------ LISTED ENTRIES ------
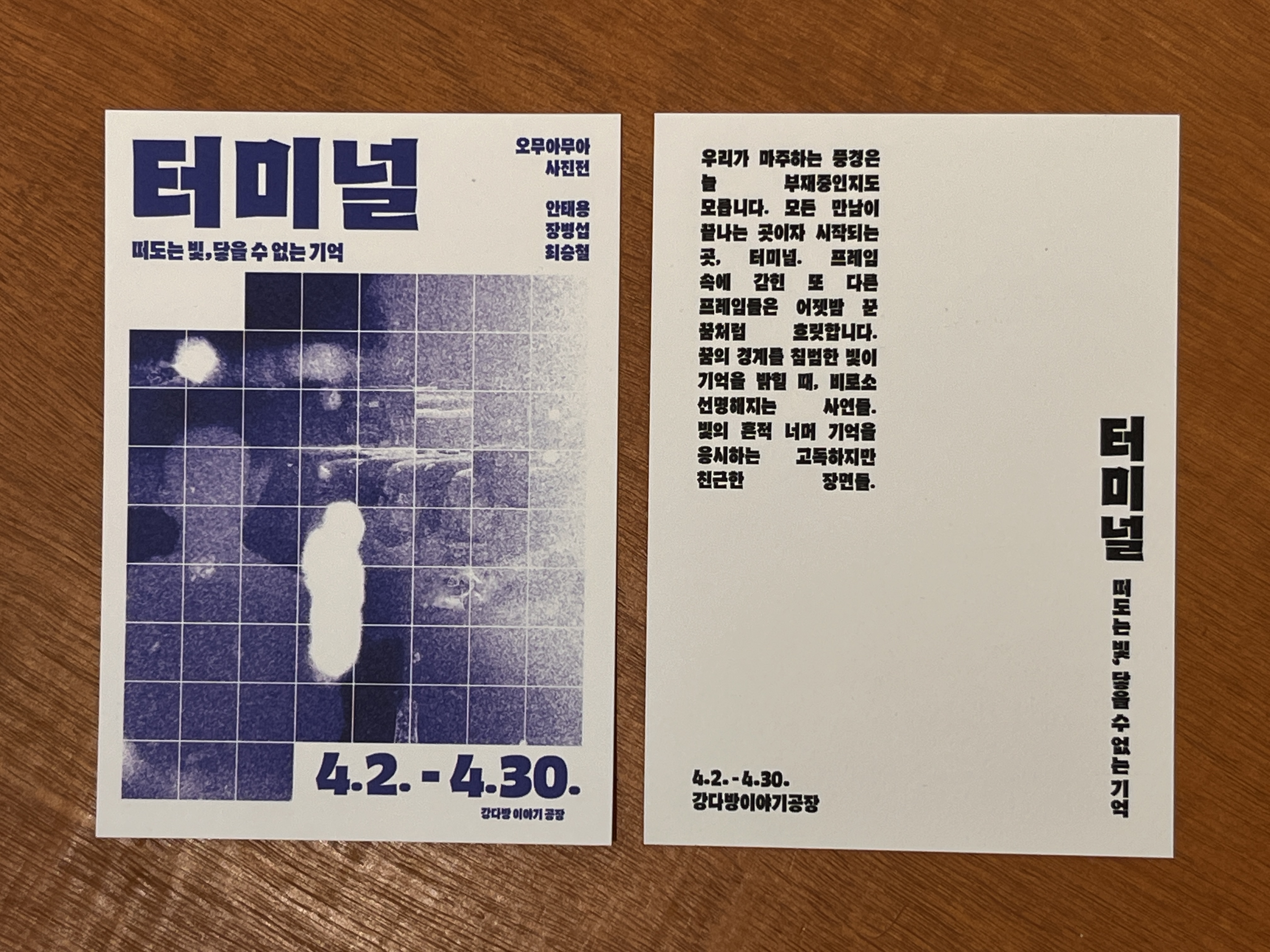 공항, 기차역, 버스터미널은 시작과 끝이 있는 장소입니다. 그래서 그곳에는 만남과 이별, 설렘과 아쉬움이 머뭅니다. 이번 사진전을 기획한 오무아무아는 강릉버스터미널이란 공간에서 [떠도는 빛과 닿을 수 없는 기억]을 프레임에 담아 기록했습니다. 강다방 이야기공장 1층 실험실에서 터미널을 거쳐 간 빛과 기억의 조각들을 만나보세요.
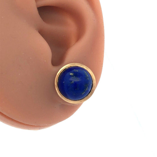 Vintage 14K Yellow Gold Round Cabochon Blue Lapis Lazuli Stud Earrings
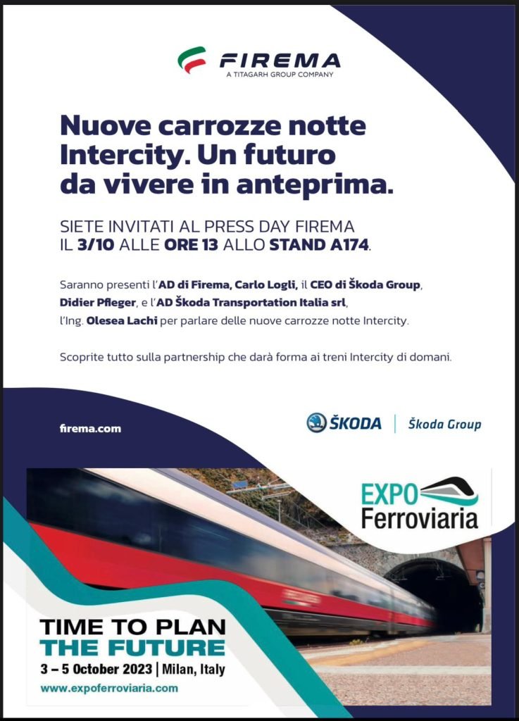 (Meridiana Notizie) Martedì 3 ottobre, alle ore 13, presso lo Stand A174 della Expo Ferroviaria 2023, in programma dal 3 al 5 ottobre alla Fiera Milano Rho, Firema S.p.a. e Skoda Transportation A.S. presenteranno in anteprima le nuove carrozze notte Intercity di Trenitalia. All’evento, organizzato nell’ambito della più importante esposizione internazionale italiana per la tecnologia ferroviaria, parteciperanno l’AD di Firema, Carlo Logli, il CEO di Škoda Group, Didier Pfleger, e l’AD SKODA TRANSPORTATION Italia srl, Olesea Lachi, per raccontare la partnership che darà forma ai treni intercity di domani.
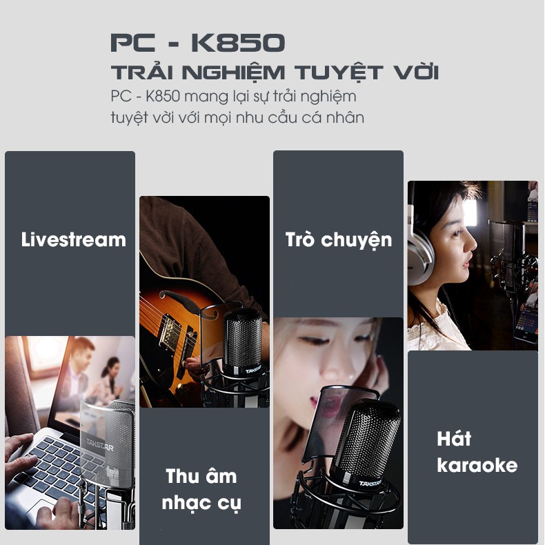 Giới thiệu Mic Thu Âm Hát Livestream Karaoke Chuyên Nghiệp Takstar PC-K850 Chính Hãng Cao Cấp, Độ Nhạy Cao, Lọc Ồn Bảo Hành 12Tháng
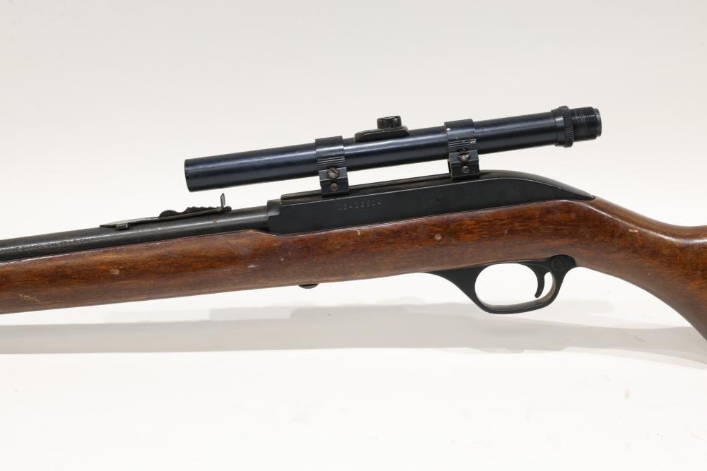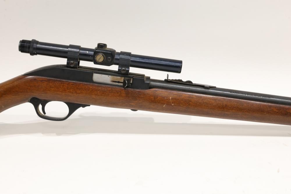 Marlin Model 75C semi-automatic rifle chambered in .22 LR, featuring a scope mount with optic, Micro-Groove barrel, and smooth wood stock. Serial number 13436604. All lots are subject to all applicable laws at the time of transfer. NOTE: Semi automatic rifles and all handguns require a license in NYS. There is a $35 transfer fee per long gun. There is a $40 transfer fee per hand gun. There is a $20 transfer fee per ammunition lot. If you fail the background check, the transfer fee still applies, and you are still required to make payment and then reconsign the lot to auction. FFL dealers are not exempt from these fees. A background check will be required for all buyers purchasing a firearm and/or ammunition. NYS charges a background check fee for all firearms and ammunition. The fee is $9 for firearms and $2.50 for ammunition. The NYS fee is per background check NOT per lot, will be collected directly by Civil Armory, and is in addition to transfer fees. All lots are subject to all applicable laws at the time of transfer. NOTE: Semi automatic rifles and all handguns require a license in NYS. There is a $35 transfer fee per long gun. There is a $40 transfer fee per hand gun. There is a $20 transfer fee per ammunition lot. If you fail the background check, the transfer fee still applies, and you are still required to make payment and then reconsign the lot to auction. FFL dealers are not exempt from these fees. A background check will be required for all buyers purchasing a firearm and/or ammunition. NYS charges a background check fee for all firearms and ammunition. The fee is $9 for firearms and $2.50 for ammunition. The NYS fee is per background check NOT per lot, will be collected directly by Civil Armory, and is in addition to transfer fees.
------
------ LISTED ENTRIES ------
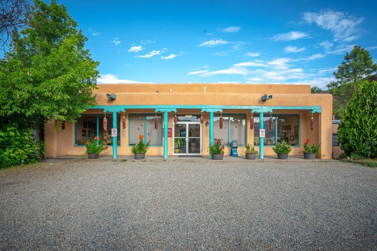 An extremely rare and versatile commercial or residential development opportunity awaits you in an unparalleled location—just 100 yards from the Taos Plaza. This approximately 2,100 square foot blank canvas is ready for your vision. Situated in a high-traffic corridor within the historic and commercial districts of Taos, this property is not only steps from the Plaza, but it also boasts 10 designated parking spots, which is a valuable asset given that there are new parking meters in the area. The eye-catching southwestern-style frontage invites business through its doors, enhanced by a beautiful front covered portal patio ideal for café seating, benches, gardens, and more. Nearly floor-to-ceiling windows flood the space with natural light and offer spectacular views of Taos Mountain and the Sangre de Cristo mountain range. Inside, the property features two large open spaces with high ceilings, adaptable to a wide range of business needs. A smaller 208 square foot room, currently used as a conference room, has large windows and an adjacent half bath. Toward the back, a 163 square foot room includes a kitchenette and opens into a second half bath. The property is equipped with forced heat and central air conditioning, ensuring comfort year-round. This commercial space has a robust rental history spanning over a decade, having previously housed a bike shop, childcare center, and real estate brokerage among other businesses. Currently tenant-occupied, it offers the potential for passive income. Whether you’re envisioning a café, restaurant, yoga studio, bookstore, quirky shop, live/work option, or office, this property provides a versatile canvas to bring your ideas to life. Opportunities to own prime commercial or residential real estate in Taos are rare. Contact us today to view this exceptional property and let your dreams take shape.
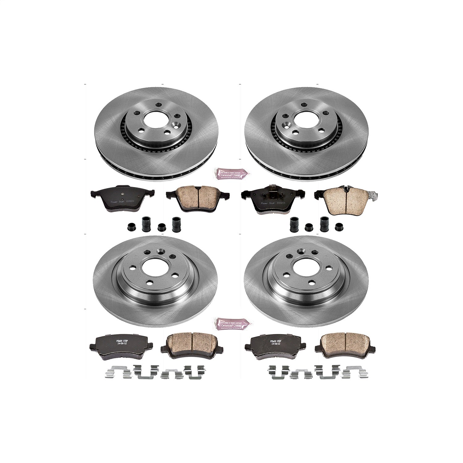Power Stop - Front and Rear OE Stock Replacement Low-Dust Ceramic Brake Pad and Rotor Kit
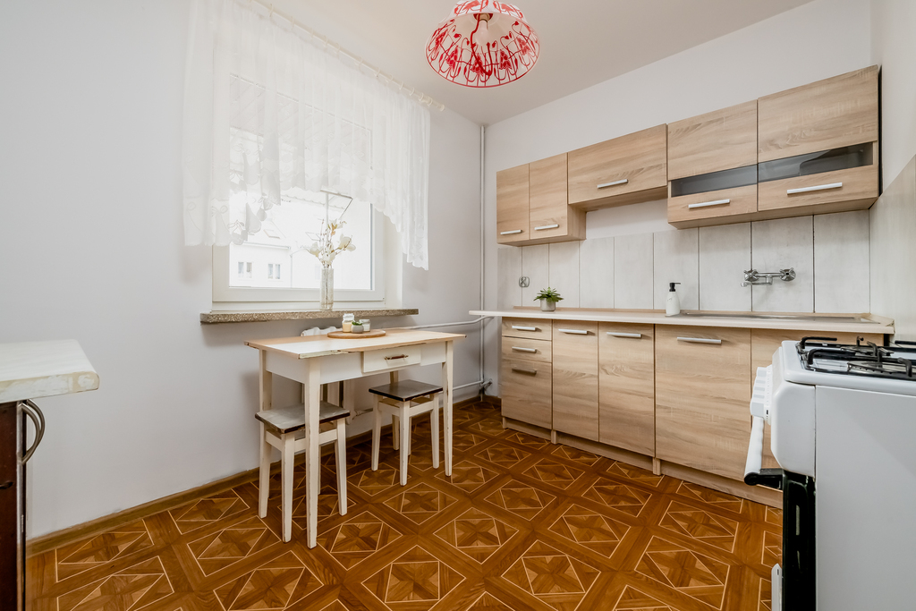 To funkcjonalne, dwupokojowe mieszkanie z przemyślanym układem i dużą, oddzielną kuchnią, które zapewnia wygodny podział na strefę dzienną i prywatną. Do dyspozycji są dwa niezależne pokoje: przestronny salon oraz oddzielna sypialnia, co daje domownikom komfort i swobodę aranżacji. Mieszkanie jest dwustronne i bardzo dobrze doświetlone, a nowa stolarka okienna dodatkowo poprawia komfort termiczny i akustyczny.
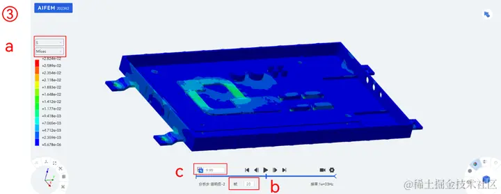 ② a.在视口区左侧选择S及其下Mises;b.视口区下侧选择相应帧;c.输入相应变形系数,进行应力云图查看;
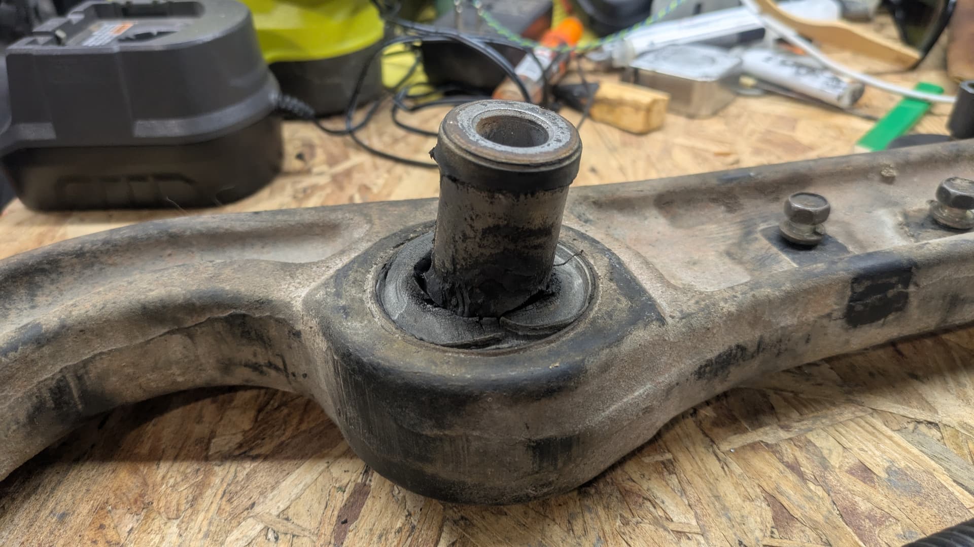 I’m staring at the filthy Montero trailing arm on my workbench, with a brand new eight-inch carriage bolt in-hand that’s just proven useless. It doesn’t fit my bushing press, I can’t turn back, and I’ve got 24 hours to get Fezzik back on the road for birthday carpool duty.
------
→ **WHAT YOU HAVE TO DO**: Write out, word for word, the stretch of entries that begins at the line with "② a.在视口区左侧选择S及" and ends at the line with "I’m staring at". Pictures do not belong in it.

→ **RESULT**:
 ② a.在视口区左侧选择S及其下Mises;b.视口区下侧选择相应帧;c.输入相应变形系数,进行应力云图查看;
 I’m staring at the filthy Montero trailing arm on my workbench, with a brand new eight-inch carriage bolt in-hand that’s just proven useless. It doesn’t fit my bushing press, I can’t turn back, and I’ve got 24 hours to get Fezzik back on the road for birthday carpool duty.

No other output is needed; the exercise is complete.